### Requirement
What you return should match the data below exactly, with no pictures in it.

### Dataset content
+===+

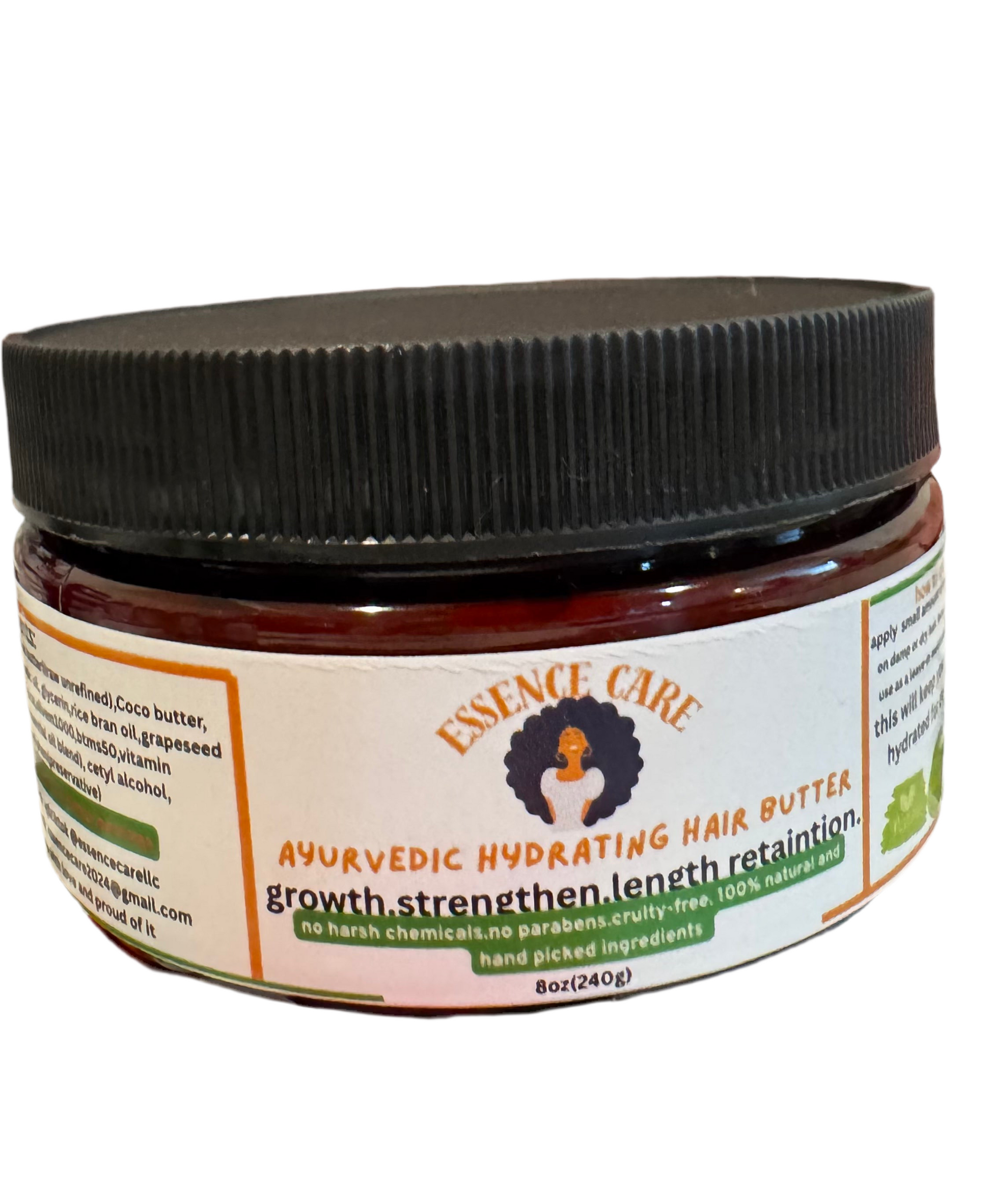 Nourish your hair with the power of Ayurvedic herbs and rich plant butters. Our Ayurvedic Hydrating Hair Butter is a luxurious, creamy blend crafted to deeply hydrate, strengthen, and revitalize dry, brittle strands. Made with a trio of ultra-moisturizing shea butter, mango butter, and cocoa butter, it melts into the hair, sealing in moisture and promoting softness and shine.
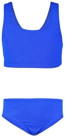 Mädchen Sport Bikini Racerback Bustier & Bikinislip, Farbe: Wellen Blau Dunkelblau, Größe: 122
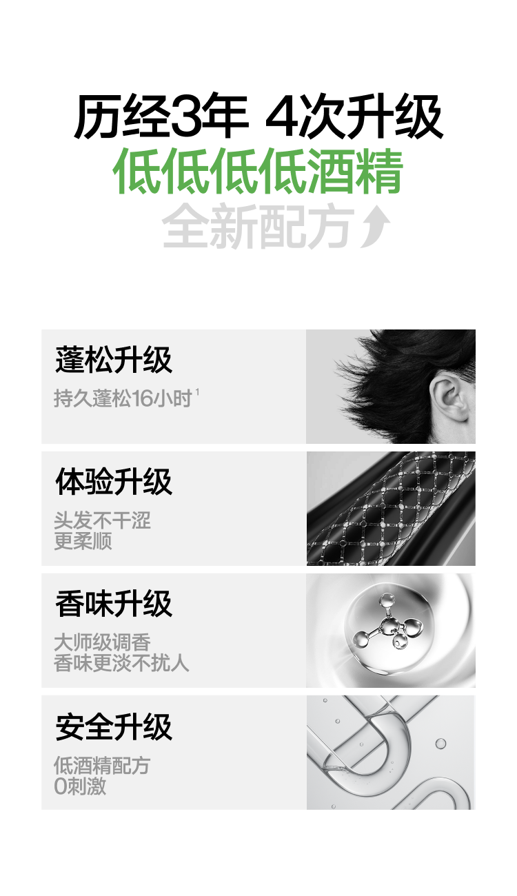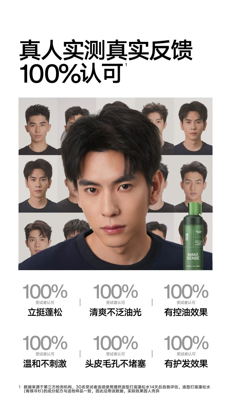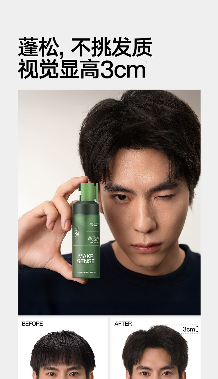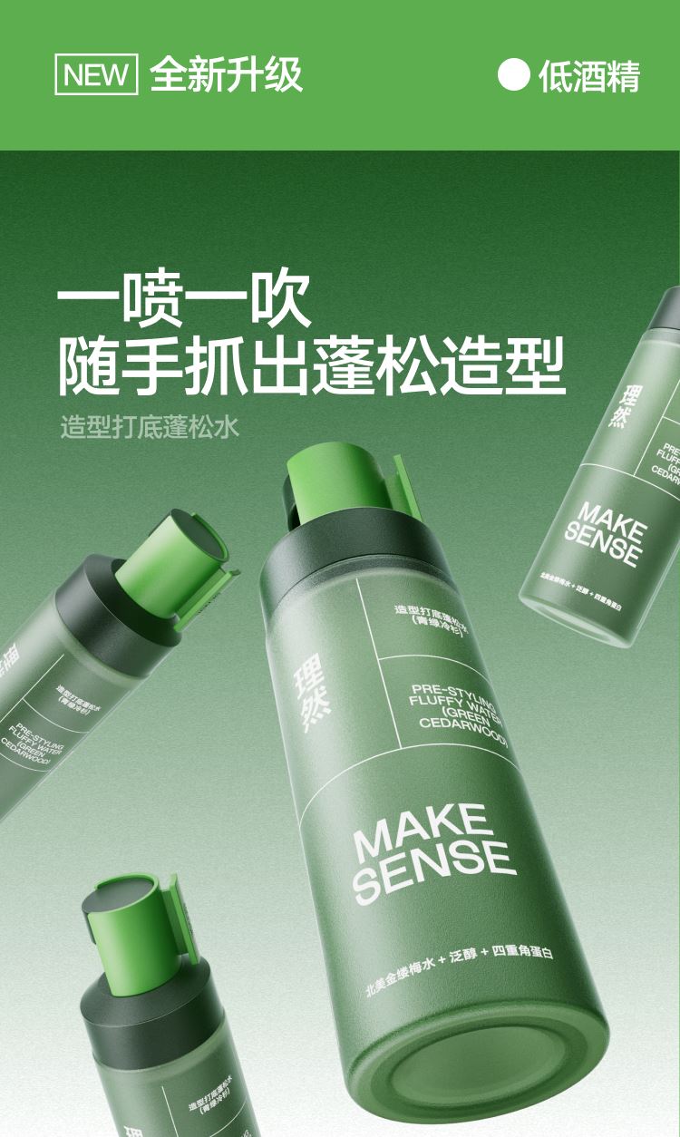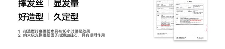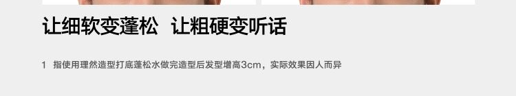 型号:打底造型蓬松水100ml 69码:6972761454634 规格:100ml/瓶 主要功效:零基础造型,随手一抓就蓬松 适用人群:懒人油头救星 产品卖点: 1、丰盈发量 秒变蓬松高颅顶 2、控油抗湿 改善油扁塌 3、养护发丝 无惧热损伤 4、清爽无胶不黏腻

+===+

### Answer to this exercise
 Nourish your hair with the power of Ayurvedic herbs and rich plant butters. Our Ayurvedic Hydrating Hair Butter is a luxurious, creamy blend crafted to deeply hydrate, strengthen, and revitalize dry, brittle strands. Made with a trio of ultra-moisturizing shea butter, mango butter, and cocoa butter, it melts into the hair, sealing in moisture and promoting softness and shine.
 Mädchen Sport Bikini Racerback Bustier & Bikinislip, Farbe: Wellen Blau Dunkelblau, Größe: 122
 型号:打底造型蓬松水100ml 69码:6972761454634 规格:100ml/瓶 主要功效:零基础造型,随手一抓就蓬松 适用人群:懒人油头救星 产品卖点: 1、丰盈发量 秒变蓬松高颅顶 2、控油抗湿 改善油扁塌 3、养护发丝 无惧热损伤 4、清爽无胶不黏腻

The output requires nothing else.